Tom Atlee (born 1947) is an American social, peace and environmental activist and author.
Born in an intellectual, activist family of Quakers, Atlee experienced social change from an early on. In 1968, he dropped out of Antioch College to organize draft resistance to the Vietnam War.[1] In 1976, daughter Jennifer was born. Participating in the Great Peace March of 1986 – a "watershed experience"[2] to Atlee, he "spent the next 15 years exploring group and organizational phenomena".[3] Atlee lives in an intentional community in Eugene, Oregon.
From 1989–1994 Atlee was editor of Thinkpeace, a national journal of peacemaking strategy and philosophy. In 1991 he went to Belize and to Czechoslovakia as a consultant on ecological social change and community-building. From 1991–1992 Atlee served on the boards of the Ecology Center (Berkeley). In 1996, he founded the Co-Intelligence Institute, a non-profit organization facilitating and researching self-organization, collective intelligence, participatory modes of governance and collaborative democracy. An article in Utne Reader identifies him as a radical centrist thinker.[4]
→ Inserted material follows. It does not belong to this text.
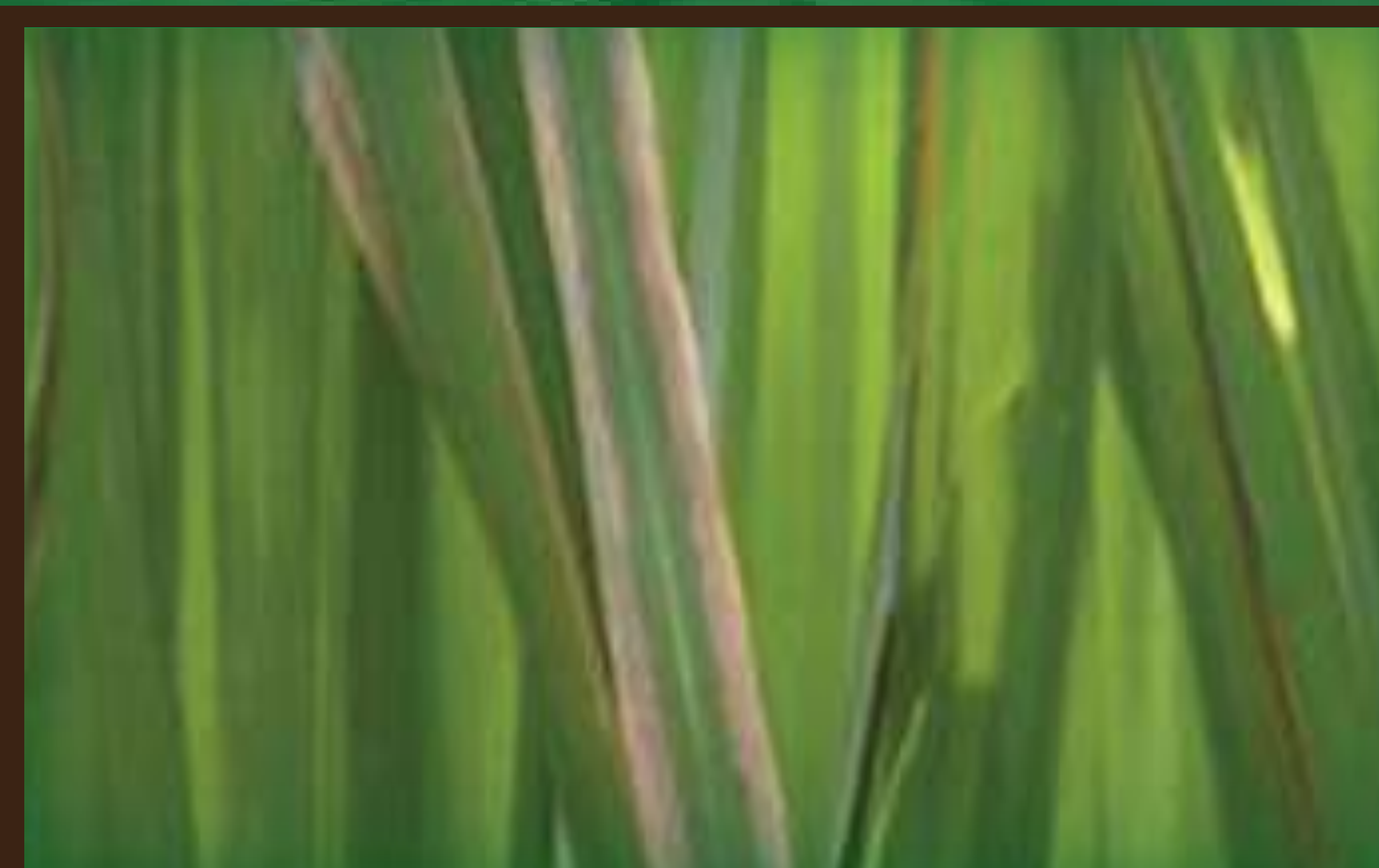
Mnyauko wa majani wa Bakteria (Bacterial Leaf Blight)

Co-intelligence according to the FAQ on Atlee's institute website is "shared, integrated form of intelligence that we find in and around us when we're most vibrantly alive. It is also found in cultures that sustain themselves harmoniously with nature and neighbor. ... [it] shows up whenever we pool our personal intelligences to produce results that are more insightful and powerful than the sum of our individual perspectives."[5]
Atlee developed the Wise Democracy Pattern language with the support of Martin Rausch.[6] The first edition was created in 2016.[7] According to their website the Wise Democracy Pattern Language is a pattern language that, "highlights dynamic factors and design principles which can make an activity, organization or community more wisely self-governing." The "prime directive" or fundamental principle of Wise Democracy is "“evoke and engage the wisdom and resourcefulness of the whole on behalf of the whole.”[8] [9]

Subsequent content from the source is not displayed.